Humanitarian workers take great personal risks on behalf of the refugees. It is illegal to assist clandestine aliens in any way whatsoever and Moustache was given a five-year prison sentence for coming to their aid. "Of course it has never been executed. But the sentence is like a Damocles sword hanging over my head."

Catholic priest Paul Falala, who one night decided to "practice civil disobedience" and open the church door to shivering refugees, feels France is losing its human values. "The laws proposed by Sarkozy and passed by Parliament are so repressive that helping a fellow man in need has now become a crime," he says.

Monique Delannoy, a professional nurse, is one of several persons who founded Csur, a federation of humanitarian associations that regularly helps the refugees with food and clothing. "We serve them a meal every day at 2 p.m. As far as possible we try to give them a hot meal but we are often short of money and have to do with cold lunch packets. On a typical day they get half a loaf of bread, some cheese, fruit and yoghurt, and a bottle of mineral water."

The municipality in Calais is led by a communist mayor. Afraid of the rising support for the extreme right-wing, xenophobic National Front, he dare not show any sympathy for the plight of these poor migrants. "One would expect more from the communists. But they are as opportunistic as the next person and of course Calais is divided down the middle. There are many who see these people as scum that needs clearing out," explains Moustache.

At the Gecko feeding centre, the line is long and the refugees surge forward, shoving and pushing, hurling abuse at one another to get at the food packets. Quarrels between different groups often break out, some of them serious. In late December a group of Kurds and Iranians attacked sleeping Pakistanis with knives and iron rods injuring 18, two of them seriously.

"We were told the culprits would be arrested but we see no evidence of that. They tried to extort money saying they would help us go across. But who has money here? And those who do would much rather keep it and attempt a crossing on their own," explains Niaz. He says getting across is all a question of luck. "I have been rotting here for the past five months. I know of people who came here and found a passage within a week. What will I do? I will keep trying of course because now I have no money to go back and nothing in Naoshera where I belong." When pressed about his reasons for leaving he refuses to elaborate, saying simply "Majboori thi."

Many leave their countries because of sheer economic misery.
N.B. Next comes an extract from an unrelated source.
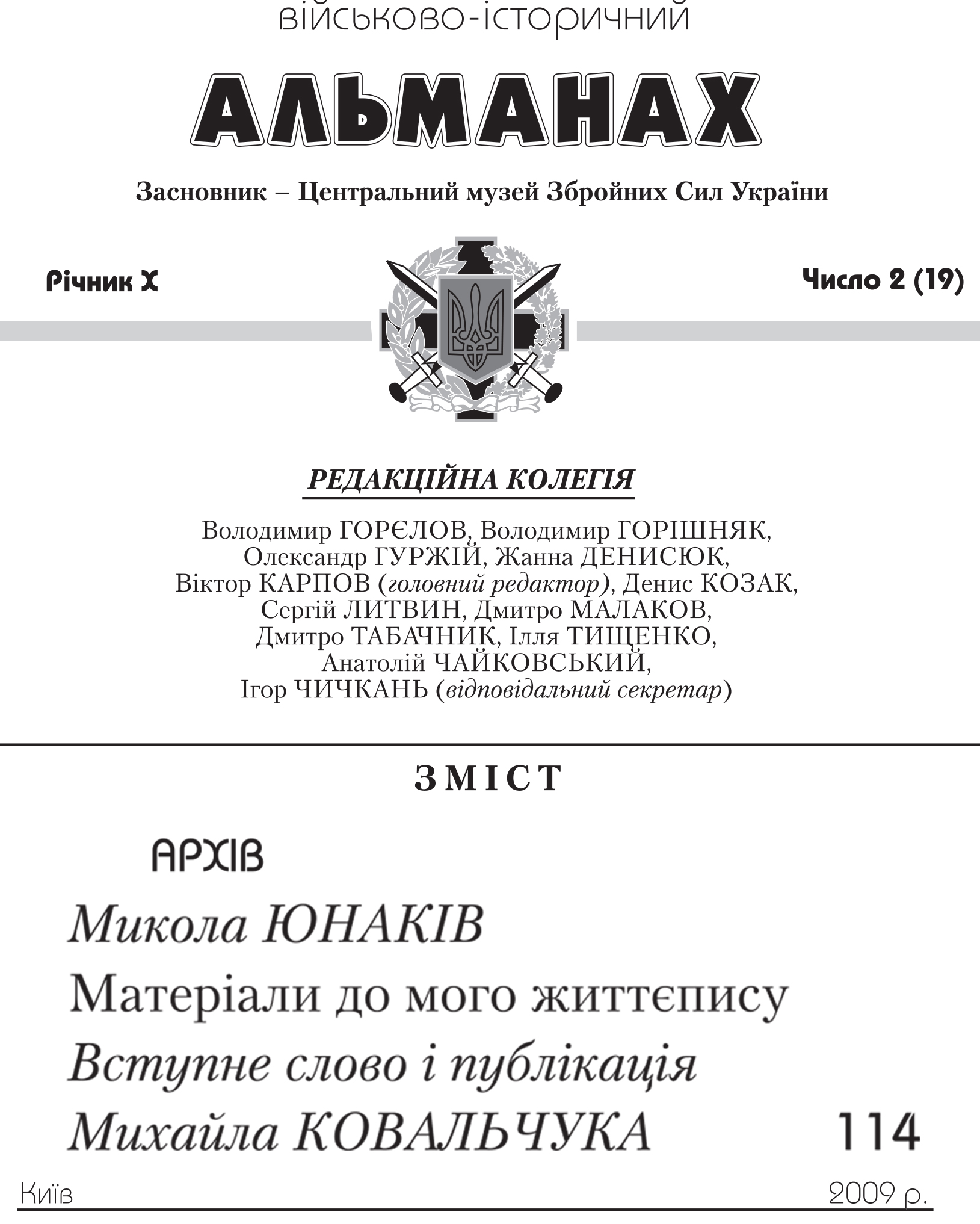 Увазі читачів пропонується автобіографія М. Юнаківа, написана в 1930 р. на еміграції в Польщі. Цей матеріал було надруковано у паризькому тижневику «Тризуб» вже після смерті генерала (Тризуб. – Ч. 31 – 32 (289-290). – 1931. – 30 серп. – С. 3 – 10). Попри те, що автобіографія містить не лише цінні відомості про життєвий шлях генерала М. Юнаківа, але й важливу інформацію про обставини розгортання українського військового руху в 1917 р., ця публікація вже багато десятиліть залишається практично невідомою для дослідників [33].

Others suffer religious persecution, have problems with the law, or are being chased by enemies in clan warfare. Several of the Pakistanis said they had to leave because staying would mean certain death at the hands of their enemies.

"You never know if they are telling the truth. If you ask their age they will uniformly say `15' because minors cannot be expelled under French law. Their desperation is so great that many have defaced their thumbprints to avoid identification. They do it with cigarette lighters, razors, knives. They have no papers. That makes it difficult to expel them. So the police do their best to make their lives as miserable and hard as possible," says Moustache.

Indeed on the way to the feeding centre several cruising police vehicles flash by, followed by dark blue vans that bear a strange resemblance to dog catchers' vans. With most European nations voting right, stopping illegal immigration has become a major issue within the EU. In 2004, the EU set up a body called Frontex, the European Agency for the Management of Operational Cooperation at the External Borders. Based in Poland the organisation aims at making Europe's borders watertight through measures that include training border guards, beefing up customs, coast guard and police services.

But a new realisation is dawning: no wall, no fence, no system of policing, no legal framework can or will stop people fleeing oppression and poverty in their own countries. The millions the EU has sunk into security measures have not, and will not, dissuade the world's desperate poor from trying again and yet again. So, although the inclination will be towards increasingly restrictive legislation, European nations now agree that they have to make a more genuine effort to help the south attain its development goals. Until that is done, such misery, a blot on the West's claims to practising and defending human rights, is bound to continue.